Supplied material:
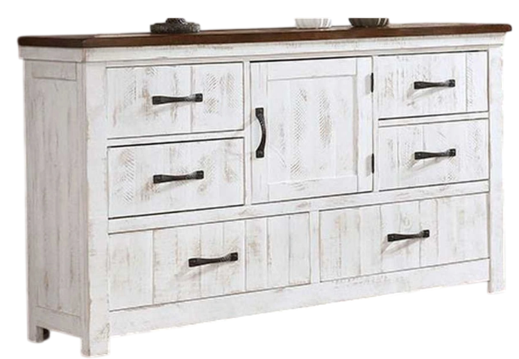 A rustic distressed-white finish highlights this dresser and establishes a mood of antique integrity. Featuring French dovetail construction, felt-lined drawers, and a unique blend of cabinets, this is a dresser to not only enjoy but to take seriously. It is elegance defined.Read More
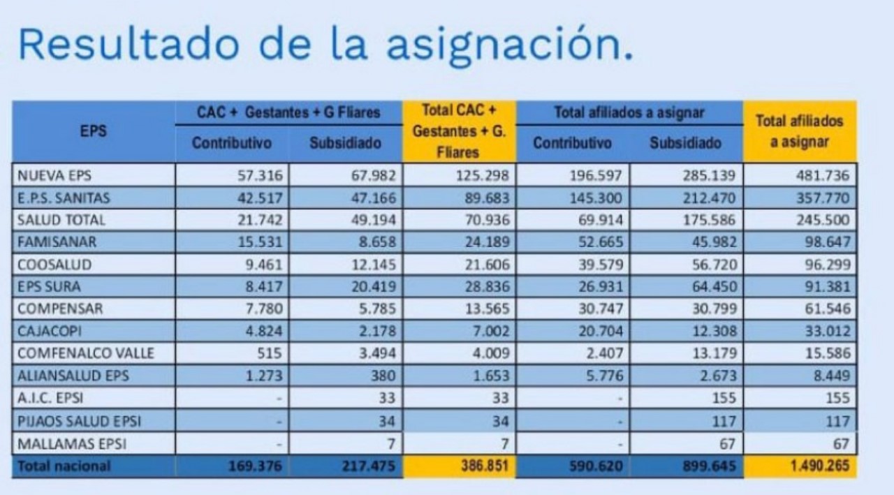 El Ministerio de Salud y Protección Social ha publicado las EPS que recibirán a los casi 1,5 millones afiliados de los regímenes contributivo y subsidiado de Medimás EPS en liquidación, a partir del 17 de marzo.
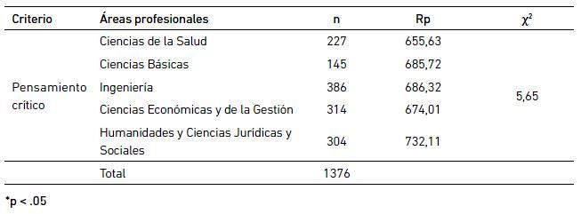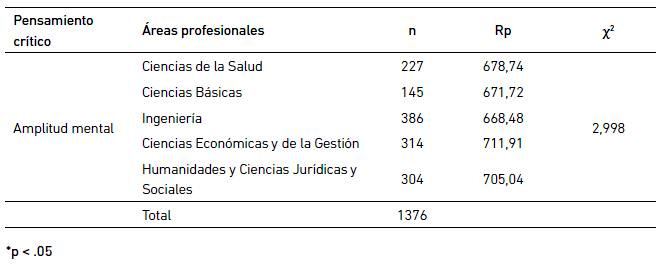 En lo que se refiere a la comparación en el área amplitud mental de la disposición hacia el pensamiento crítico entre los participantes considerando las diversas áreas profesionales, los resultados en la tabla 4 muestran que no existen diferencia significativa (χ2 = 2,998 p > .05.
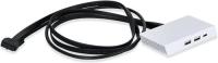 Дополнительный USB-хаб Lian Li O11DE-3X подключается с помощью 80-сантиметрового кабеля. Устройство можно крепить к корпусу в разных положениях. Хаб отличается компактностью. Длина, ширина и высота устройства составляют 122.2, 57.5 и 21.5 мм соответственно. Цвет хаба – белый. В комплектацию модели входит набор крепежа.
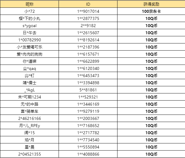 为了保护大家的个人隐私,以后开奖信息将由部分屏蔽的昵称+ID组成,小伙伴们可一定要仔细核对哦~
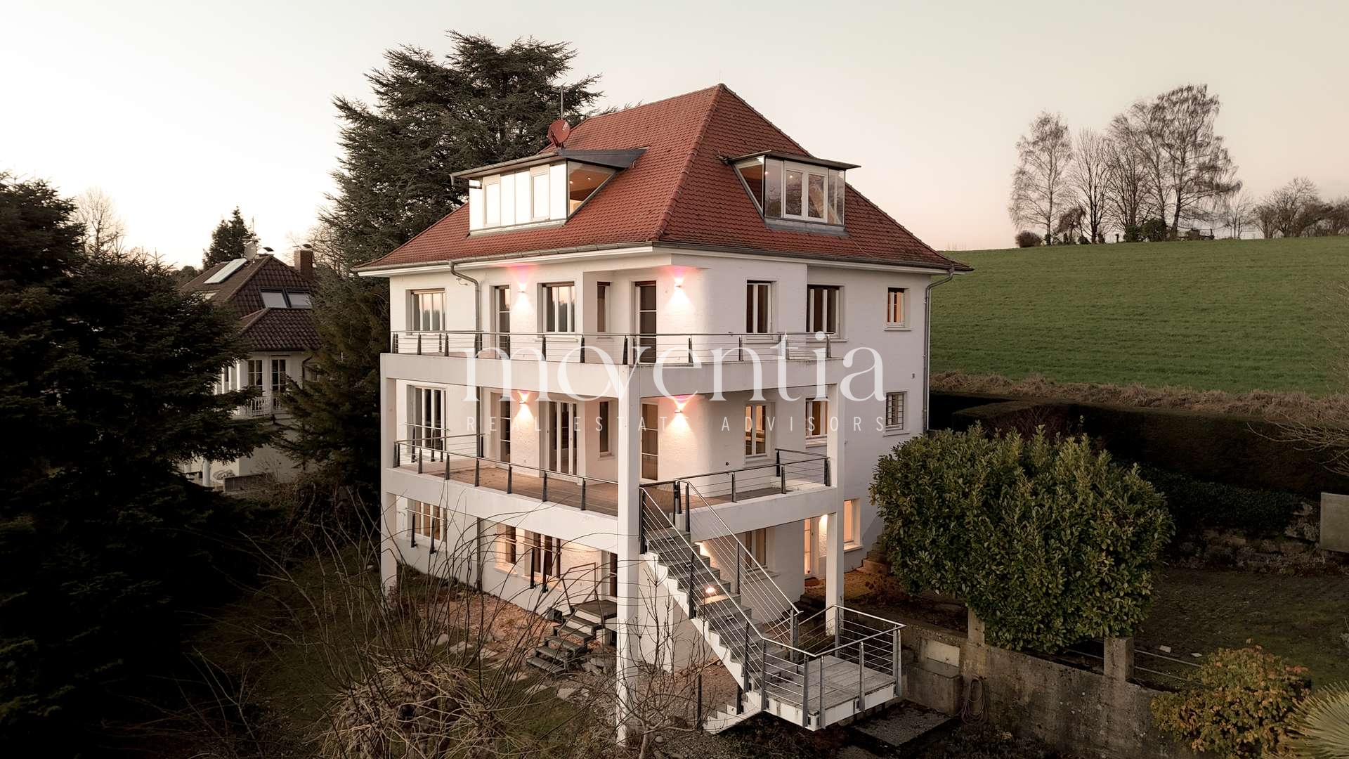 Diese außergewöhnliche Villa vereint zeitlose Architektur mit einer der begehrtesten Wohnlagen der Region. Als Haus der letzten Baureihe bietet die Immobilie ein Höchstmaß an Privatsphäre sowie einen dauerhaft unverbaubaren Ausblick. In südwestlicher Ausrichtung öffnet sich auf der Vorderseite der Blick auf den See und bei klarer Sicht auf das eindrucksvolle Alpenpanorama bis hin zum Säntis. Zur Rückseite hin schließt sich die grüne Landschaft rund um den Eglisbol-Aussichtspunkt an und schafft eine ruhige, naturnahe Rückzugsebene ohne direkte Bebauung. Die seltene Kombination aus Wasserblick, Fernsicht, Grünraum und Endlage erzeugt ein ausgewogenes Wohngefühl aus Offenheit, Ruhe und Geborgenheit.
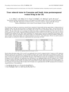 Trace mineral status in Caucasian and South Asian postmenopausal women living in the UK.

* * *

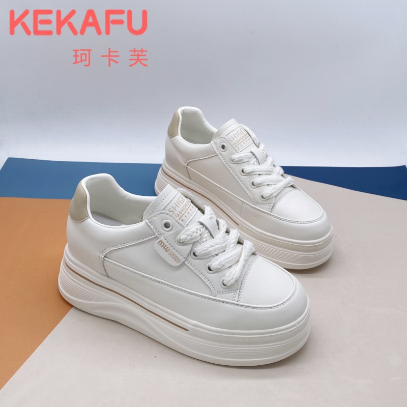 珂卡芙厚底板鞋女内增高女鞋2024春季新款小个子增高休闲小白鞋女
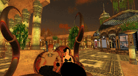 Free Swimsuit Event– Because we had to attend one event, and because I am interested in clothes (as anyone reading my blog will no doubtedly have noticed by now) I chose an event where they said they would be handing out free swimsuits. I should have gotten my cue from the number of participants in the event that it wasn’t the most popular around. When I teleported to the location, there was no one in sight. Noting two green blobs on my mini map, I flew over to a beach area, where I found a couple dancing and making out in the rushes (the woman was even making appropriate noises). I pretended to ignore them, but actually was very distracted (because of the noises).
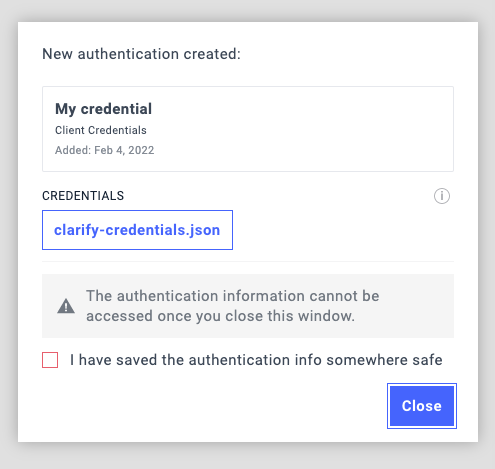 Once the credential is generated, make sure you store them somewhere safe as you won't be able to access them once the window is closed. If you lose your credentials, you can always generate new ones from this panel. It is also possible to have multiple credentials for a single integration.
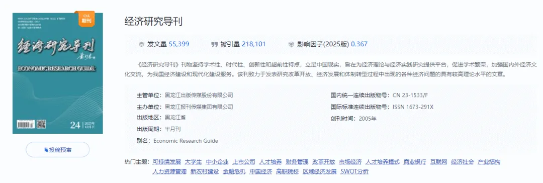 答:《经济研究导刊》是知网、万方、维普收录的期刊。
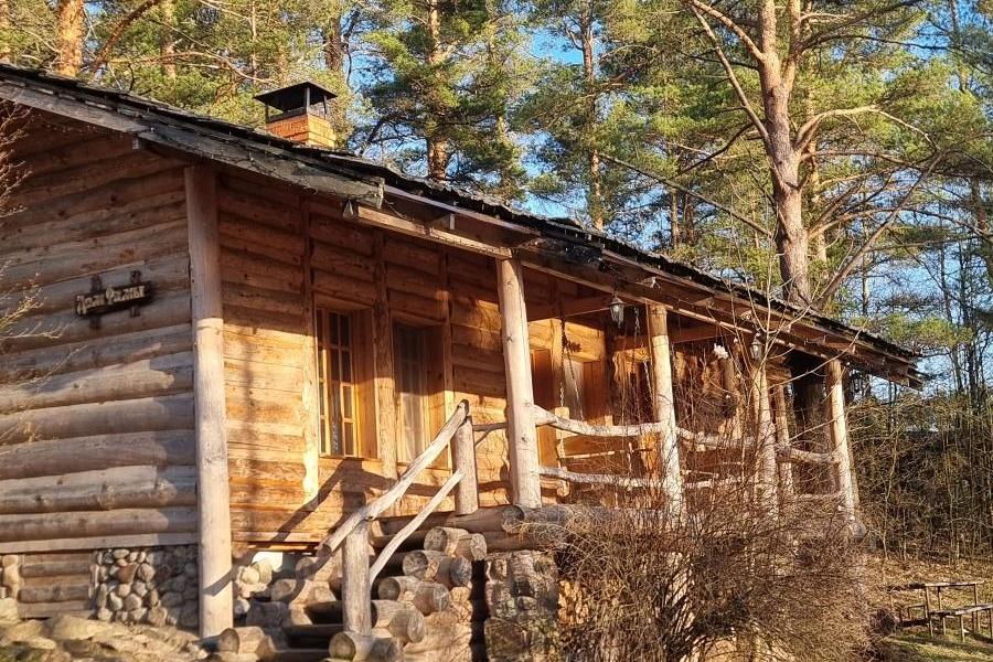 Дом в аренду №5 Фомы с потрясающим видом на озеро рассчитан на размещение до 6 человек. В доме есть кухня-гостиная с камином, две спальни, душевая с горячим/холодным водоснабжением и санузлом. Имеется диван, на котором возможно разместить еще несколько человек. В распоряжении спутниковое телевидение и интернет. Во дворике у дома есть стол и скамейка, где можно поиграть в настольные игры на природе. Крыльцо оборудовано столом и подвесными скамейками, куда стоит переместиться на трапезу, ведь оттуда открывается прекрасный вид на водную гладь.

--

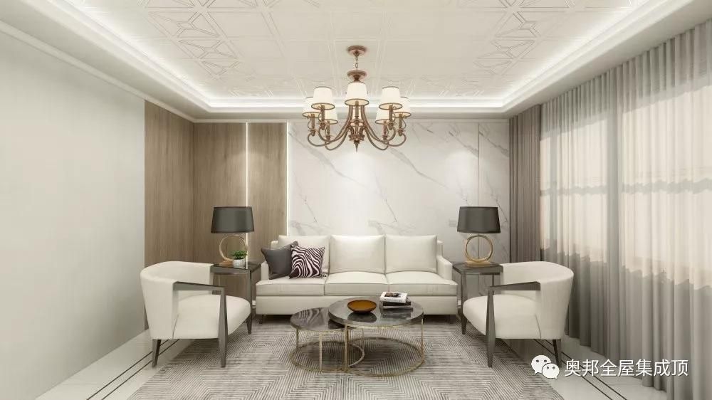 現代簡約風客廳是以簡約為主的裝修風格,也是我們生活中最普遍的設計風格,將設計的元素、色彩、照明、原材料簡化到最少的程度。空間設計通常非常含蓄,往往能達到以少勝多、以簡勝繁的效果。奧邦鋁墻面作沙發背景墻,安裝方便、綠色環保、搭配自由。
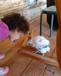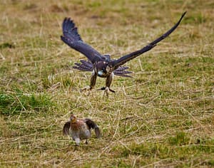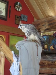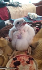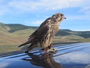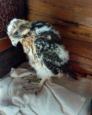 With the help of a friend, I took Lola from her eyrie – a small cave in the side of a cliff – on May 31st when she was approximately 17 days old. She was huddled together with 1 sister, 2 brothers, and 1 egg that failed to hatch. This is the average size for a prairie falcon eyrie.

Work instruction: Within the listing above, write out the stretch from the line with "A rustic distressed-white" through the line with "El Ministerio de" exactly. Any pictures are to be left out.

Problem solution:
 A rustic distressed-white finish highlights this dresser and establishes a mood of antique integrity. Featuring French dovetail construction, felt-lined drawers, and a unique blend of cabinets, this is a dresser to not only enjoy but to take seriously. It is elegance defined.Read More
 El Ministerio de Salud y Protección Social ha publicado las EPS que recibirán a los casi 1,5 millones afiliados de los regímenes contributivo y subsidiado de Medimás EPS en liquidación, a partir del 17 de marzo.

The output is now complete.